DIRECTIONS – Go to the line below that has "有人觉得,AI玄学是一个很小", print it and each line after it exactly, and stop after the line that has "9月24日,由教育部职业教育"; leave out pictures.

[INPUT MATERIAL Boundary: Start]

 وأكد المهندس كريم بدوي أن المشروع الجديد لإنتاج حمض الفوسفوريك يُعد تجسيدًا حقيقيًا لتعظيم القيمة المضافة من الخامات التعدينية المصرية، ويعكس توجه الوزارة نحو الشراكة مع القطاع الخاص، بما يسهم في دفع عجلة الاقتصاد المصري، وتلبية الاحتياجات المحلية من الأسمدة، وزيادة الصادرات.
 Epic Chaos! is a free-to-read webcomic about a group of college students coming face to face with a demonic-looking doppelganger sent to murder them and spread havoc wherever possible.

[INPUT MATERIAL Boundary: End]
[INPUT MATERIAL Boundary: Start]

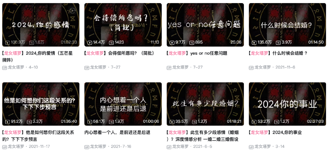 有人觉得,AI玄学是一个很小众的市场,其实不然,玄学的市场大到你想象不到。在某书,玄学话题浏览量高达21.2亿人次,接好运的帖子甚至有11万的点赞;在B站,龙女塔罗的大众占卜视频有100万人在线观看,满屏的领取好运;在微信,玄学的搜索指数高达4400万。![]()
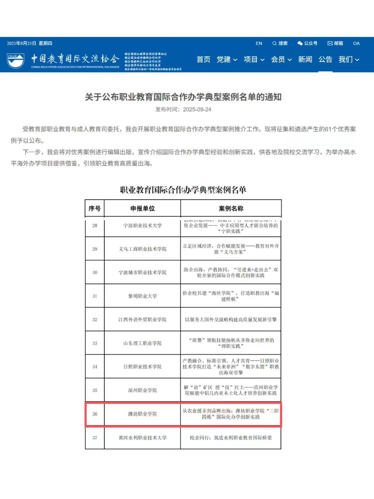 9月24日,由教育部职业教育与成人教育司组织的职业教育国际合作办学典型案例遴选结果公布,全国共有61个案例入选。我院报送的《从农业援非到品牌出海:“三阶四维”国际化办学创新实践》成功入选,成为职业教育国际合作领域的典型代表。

[INPUT MATERIAL Boundary: End]
[INPUT MATERIAL Boundary: Start]

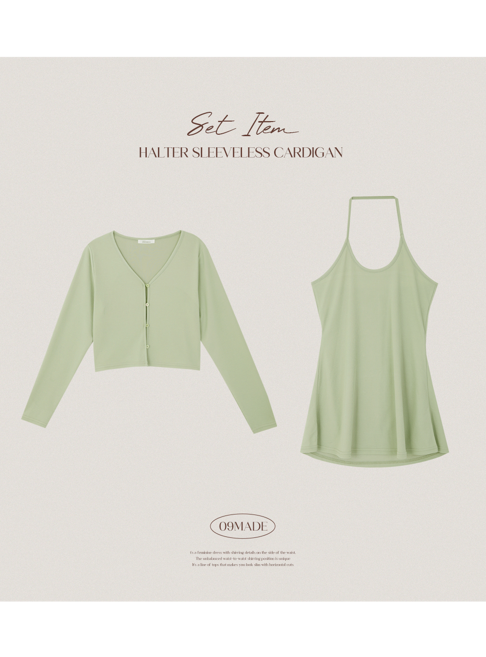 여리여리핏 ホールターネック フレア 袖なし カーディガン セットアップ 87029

[INPUT MATERIAL Boundary: End]

REPLY TO THE TASK –
 有人觉得,AI玄学是一个很小众的市场,其实不然,玄学的市场大到你想象不到。在某书,玄学话题浏览量高达21.2亿人次,接好运的帖子甚至有11万的点赞;在B站,龙女塔罗的大众占卜视频有100万人在线观看,满屏的领取好运;在微信,玄学的搜索指数高达4400万。![]()
 9月24日,由教育部职业教育与成人教育司组织的职业教育国际合作办学典型案例遴选结果公布,全国共有61个案例入选。我院报送的《从农业援非到品牌出海:“三阶四维”国际化办学创新实践》成功入选,成为职业教育国际合作领域的典型代表。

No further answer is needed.